-- Listed records follows --
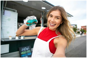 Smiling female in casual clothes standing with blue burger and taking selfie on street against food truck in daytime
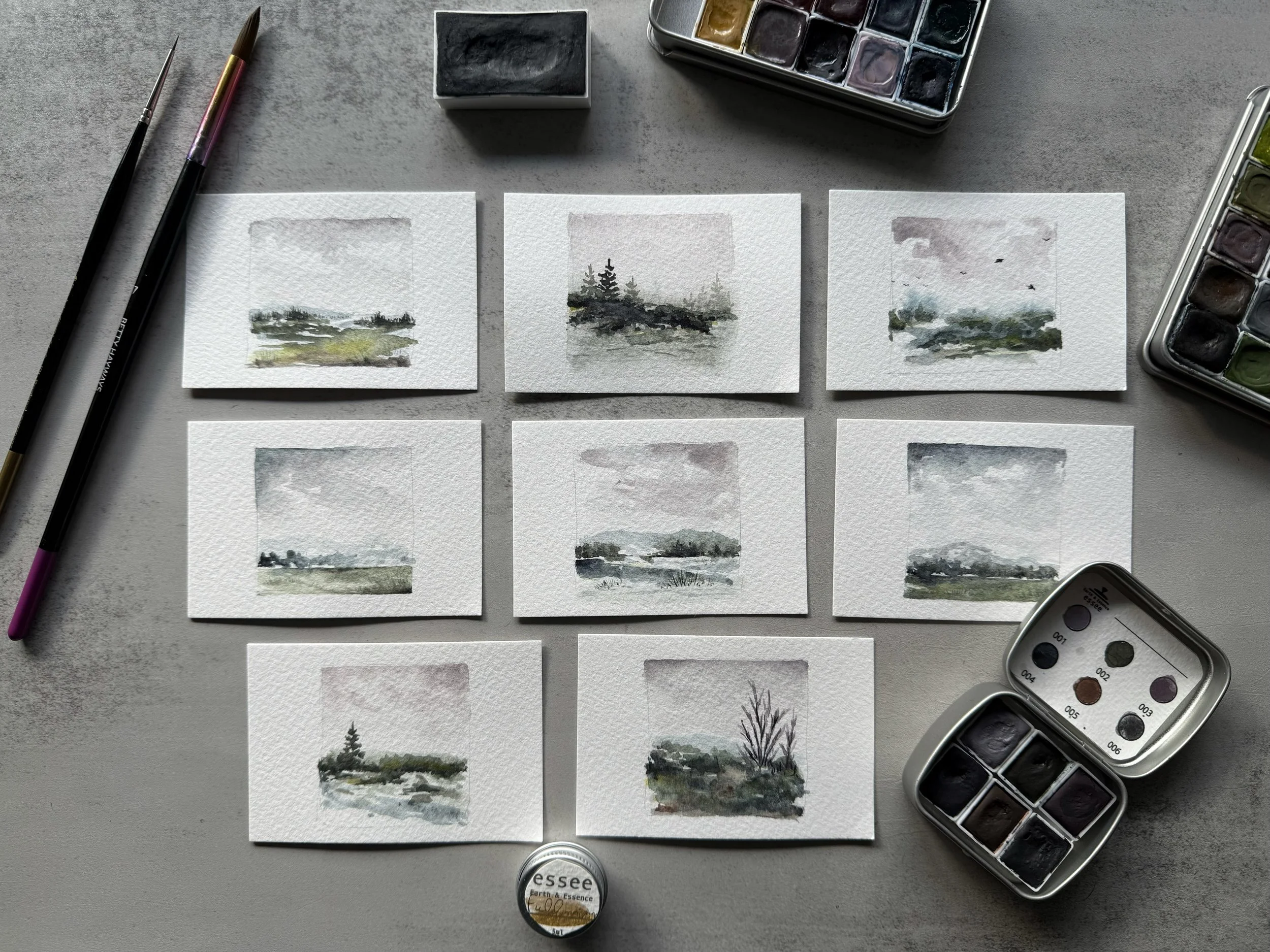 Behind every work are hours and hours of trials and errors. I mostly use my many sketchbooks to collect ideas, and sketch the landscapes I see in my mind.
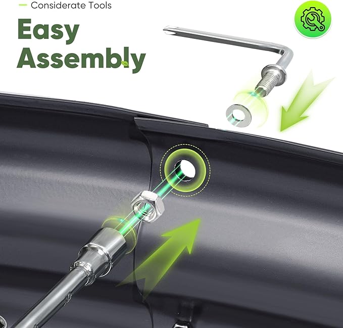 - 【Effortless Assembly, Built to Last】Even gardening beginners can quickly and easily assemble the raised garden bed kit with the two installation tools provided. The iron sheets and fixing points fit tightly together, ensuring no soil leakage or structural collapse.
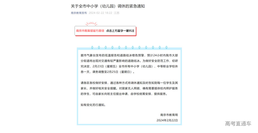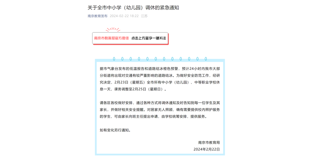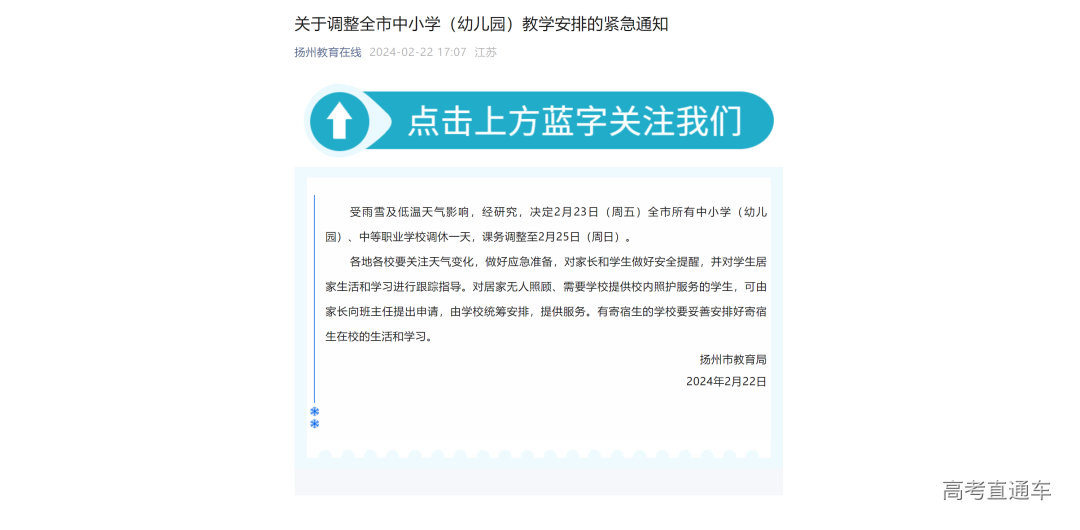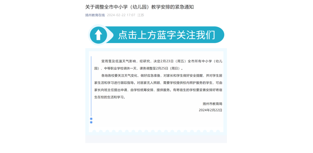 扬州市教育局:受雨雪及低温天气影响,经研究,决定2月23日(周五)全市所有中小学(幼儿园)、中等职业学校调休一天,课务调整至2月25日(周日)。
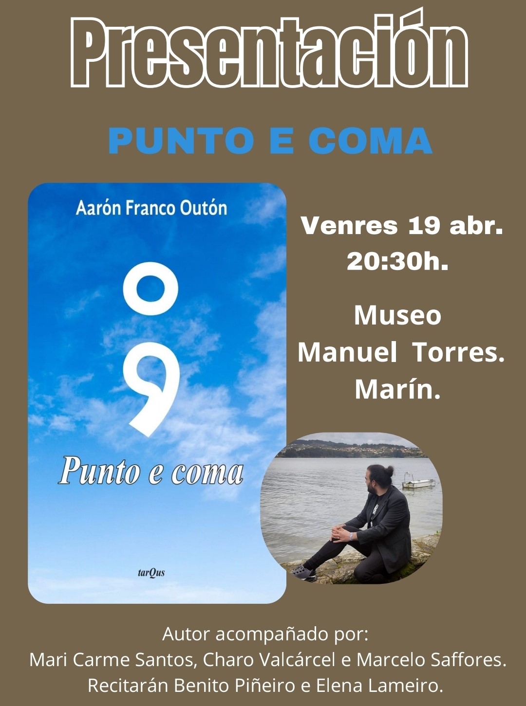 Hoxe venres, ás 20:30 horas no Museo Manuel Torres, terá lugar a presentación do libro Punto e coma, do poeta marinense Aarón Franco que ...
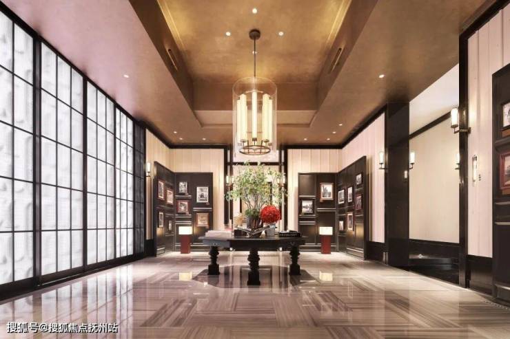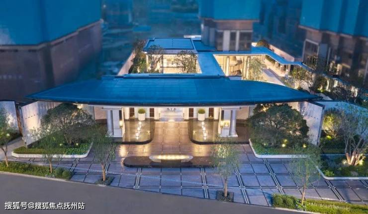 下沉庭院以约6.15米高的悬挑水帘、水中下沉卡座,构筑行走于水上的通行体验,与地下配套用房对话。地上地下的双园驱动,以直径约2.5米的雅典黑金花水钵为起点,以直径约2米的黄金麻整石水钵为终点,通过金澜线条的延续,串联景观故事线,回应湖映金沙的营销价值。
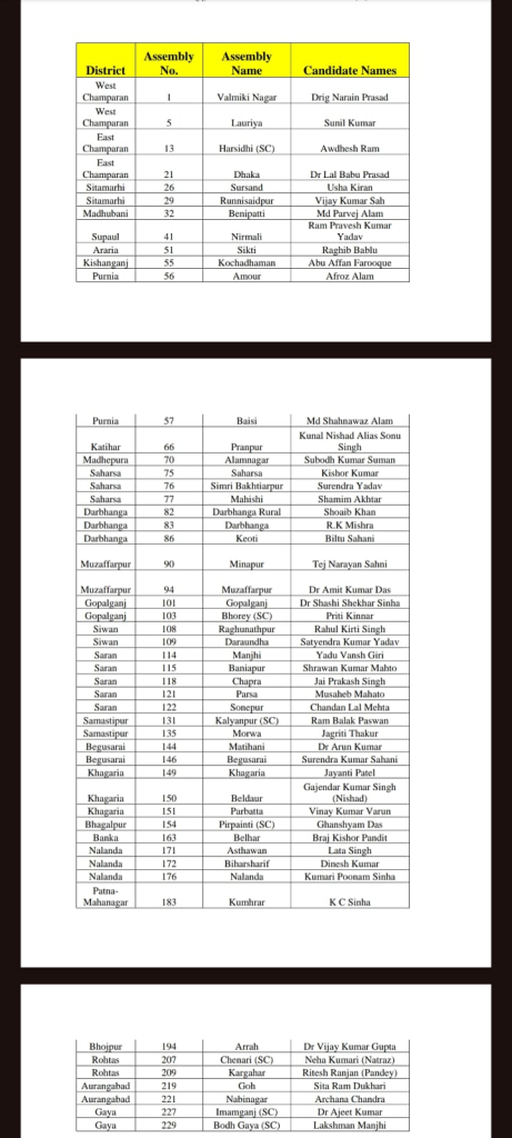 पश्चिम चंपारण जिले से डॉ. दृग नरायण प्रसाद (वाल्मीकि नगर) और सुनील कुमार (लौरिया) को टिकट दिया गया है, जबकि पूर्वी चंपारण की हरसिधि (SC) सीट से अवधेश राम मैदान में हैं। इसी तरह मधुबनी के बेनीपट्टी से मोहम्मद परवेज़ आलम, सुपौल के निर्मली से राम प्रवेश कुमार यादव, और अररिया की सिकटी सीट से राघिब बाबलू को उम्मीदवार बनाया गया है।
-- Listed records concluded --
Task item:
Transcribe the entries above exactly, from their first line through the line with "下沉庭院以约6.15米高的悬", and omit all pictures.

Answer space:
 Smiling female in casual clothes standing with blue burger and taking selfie on street against food truck in daytime
 Behind every work are hours and hours of trials and errors. I mostly use my many sketchbooks to collect ideas, and sketch the landscapes I see in my mind.
 - 【Effortless Assembly, Built to Last】Even gardening beginners can quickly and easily assemble the raised garden bed kit with the two installation tools provided. The iron sheets and fixing points fit tightly together, ensuring no soil leakage or structural collapse.
 扬州市教育局:受雨雪及低温天气影响,经研究,决定2月23日(周五)全市所有中小学(幼儿园)、中等职业学校调休一天,课务调整至2月25日(周日)。
 Hoxe venres, ás 20:30 horas no Museo Manuel Torres, terá lugar a presentación do libro Punto e coma, do poeta marinense Aarón Franco que ...
 下沉庭院以约6.15米高的悬挑水帘、水中下沉卡座,构筑行走于水上的通行体验,与地下配套用房对话。地上地下的双园驱动,以直径约2.5米的雅典黑金花水钵为起点,以直径约2米的黄金麻整石水钵为终点,通过金澜线条的延续,串联景观故事线,回应湖映金沙的营销价值。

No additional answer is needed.